◆ ABOUT THIS EXERCISE:
In the material below, please retype the lines from the very first through the one with "started the painting", exactly and without pictures.

◆ RAW DATA:
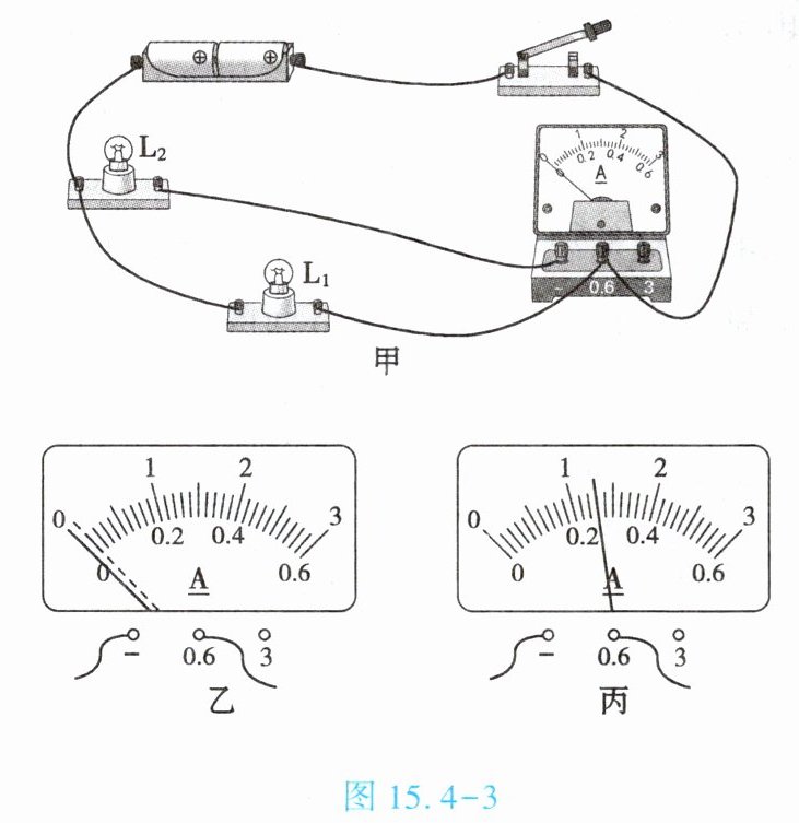 (3)排除故障后,闭合开关,电流表的示数如图15.4 - 3丙所示,则读数是
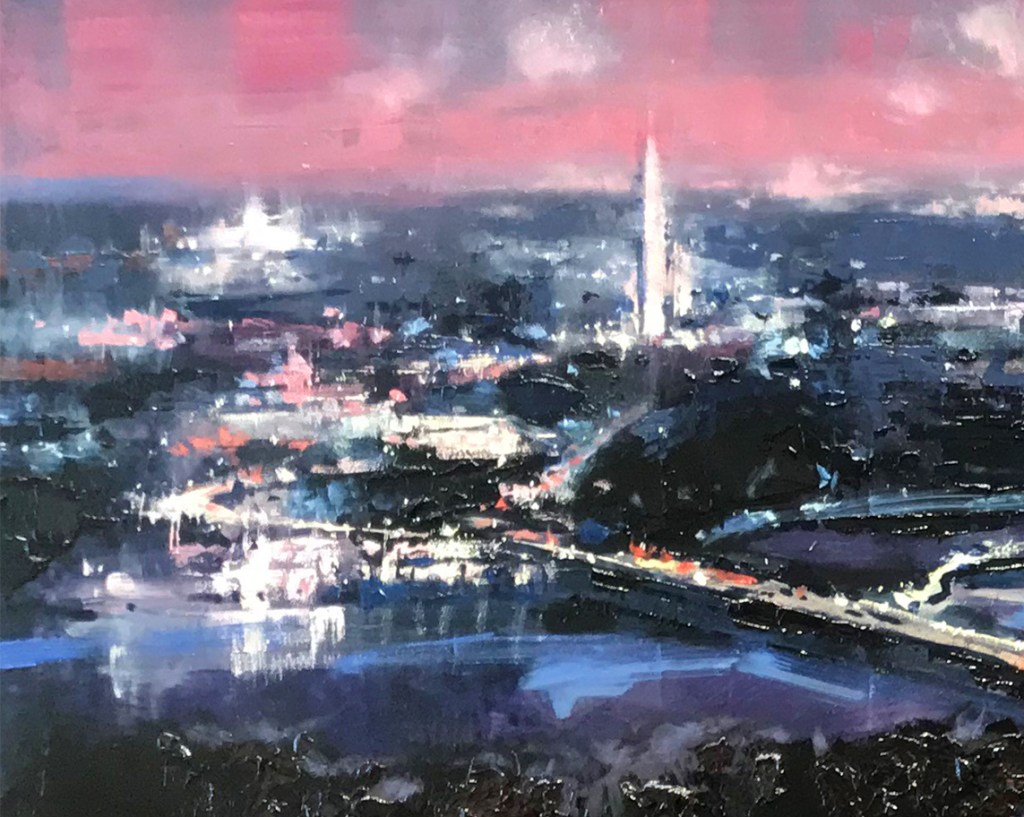 “I started the painting by blocking in the shapes, a strong initial design is very important to me,” said Jill, “Brushes are not the only thing I will use when painting. For this, I employed brushes, palette knives, paper towels for blending as well as a squeegee. I’ll use whatever works in order to get the marks that I’m looking for.”
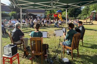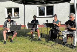 Umso glücklicher waren die vier Musiker für die gelungene Premiere. Johanna Weihrauch wuchs in Lübben auf und zog später nach Alt Zauche. Inzwischen lebt sie mit ihrem Partner Florian Wild hier und in Berlin. Johanna unterrichtet an verschiedenen Musikschulen (z.B. in Luckau) die Fächer Klarinette, Saxophon und Blockflöte. Florian ist gelernter Holzblasinstrumentenmacher und war beim Konzert ebenfalls an verschiedenen Blasinstrumenten zu hören. Daniel Weinland entlockte dem Akkordeon die schönsten Melodien und Joachim Zecher ergänzte mit Gitarre, Mandoline und Ukulele. Übrigens der Name Levante kommt u.a. von der Bezeichnung eines Ostwindes in Spanien, was für die Gründer des Quartetts sehr gut zur Musik passt. Auch als der Beifall nach dem Konzert verklungen war, verweilten die Gäste noch lange, um die schöne Stimmung dieses milden Sommerabends noch zu genießen, zu plaudern und weil sie hoffen, dass es nicht der letzte Auftritt bleibt.
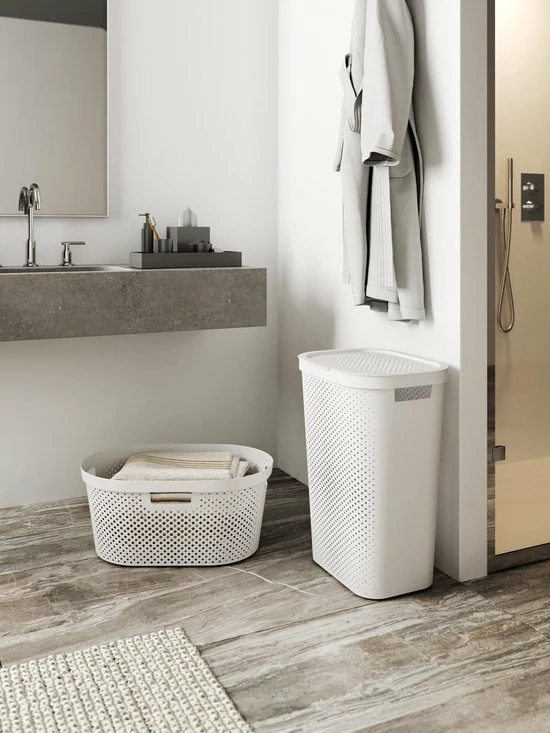 De Curver Infinity Recycled wasmanden zijn geïnspireerd op scandinavische design en nu volledig gemaakt van gerecycled materiaal. Voorzien van 4 comfortabele handgrepen en gemakkelijk schoon te maken. Dankzij de open structuur lucht het wasgoed voldoende.

◆ ANSWER FOR THIS EXERCISE:
 (3)排除故障后,闭合开关,电流表的示数如图15.4 - 3丙所示,则读数是
 “I started the painting by blocking in the shapes, a strong initial design is very important to me,” said Jill, “Brushes are not the only thing I will use when painting. For this, I employed brushes, palette knives, paper towels for blending as well as a squeegee. I’ll use whatever works in order to get the marks that I’m looking for.”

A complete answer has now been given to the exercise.